Really quickly, I want you to notice a few things about ggplot from the code used to produce the above figures. First, ggplot works by building figures in steps. We call these layers. Second, we add layers (literally) by using the + operator. While normally we use this for addition (i.e., 2 + 2) when we use ggplot the + acts a lot like this thing called a pipe operator (%>% or for later versions of R |>). Basically, the + in ggplot just tells R that we want to add a new set of commands or instructions for creating a plot.

More formally, the ggplot workflow looks like:

  1. Feed ggplot data.
  2. Map aesthetics (tell ggplot what relationships to show).
  3. Draw geometry (tell ggplot how to show these relationships).
  4. Customize.

These steps are just a starting point. We can riff on them in various ways to make a more interesting plot. As we do this, another thing to note about making figures with ggplot() is that we can save them as objects in R. Check it out:

p <- ggplot(temp_data) +
  aes(x = day365, y = crimes) + 
  geom_point()

The object p is our ggplot data viz. Now, every time we write p, it tells R to produce the figure:

p

This feature of working with ggplot is great. The biggest benefit is that it lets us build up a solid foundation for a data viz and then add new details later.

For example, say we want to add another geometry layer, like a regression smoother (basically a model that finds the best fit for the data). All we need to do is add a new layer to p like so:

p + geom_smooth()
`geom_smooth()` using method = 'loess' and formula = 'y ~ x'

Because I saved the first plot as the object p, I didn’t have to re-write the code to produce the old plot before adding a new layer.
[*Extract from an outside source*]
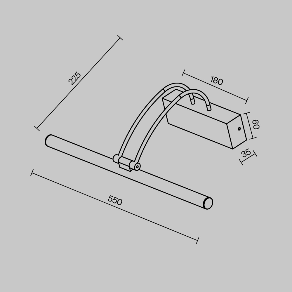 Corpo in metallo colore nero e bronzo. Diffusore in PC. Modulo LED, temperatura di colore 3000K. La cerniera girevole dirige la luce all'angolazione desiderata.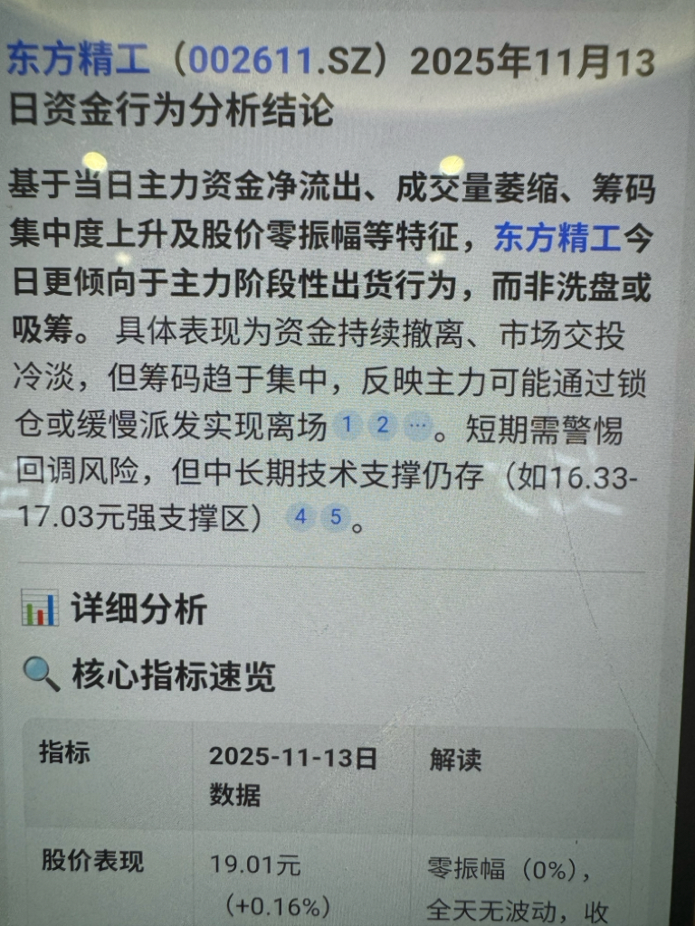 $东方精工(SZ002611)$ 缓慢派发筹码

In addition to the smoothed model we fit to the data, let’s update the plot labels as well to make them more informative:

p + 
  geom_smooth() +
  labs(
    x = "Days",
    y = "Number of Crimes",
    title = "Crimes committed in Chicago in 2018"
  )
`geom_smooth()` using method = 'loess' and formula = 'y ~ x'

The labs() function lets us update the labels of our plot.

3.4 Helpful Resources for Learning More

This class is not about how to use R in its entirety. Here are some resources for you to check out on your own time:

My personal favorite is swirlstats.com, because it lets you work at your own pace directly in R, and for free.

3.5 Wrapping up

Working with code is hard, and I promise you that you will run into problems. When you do, just remember that everyone has problems with their code. It’s normal, and it would be weird if you didn’t have any issues.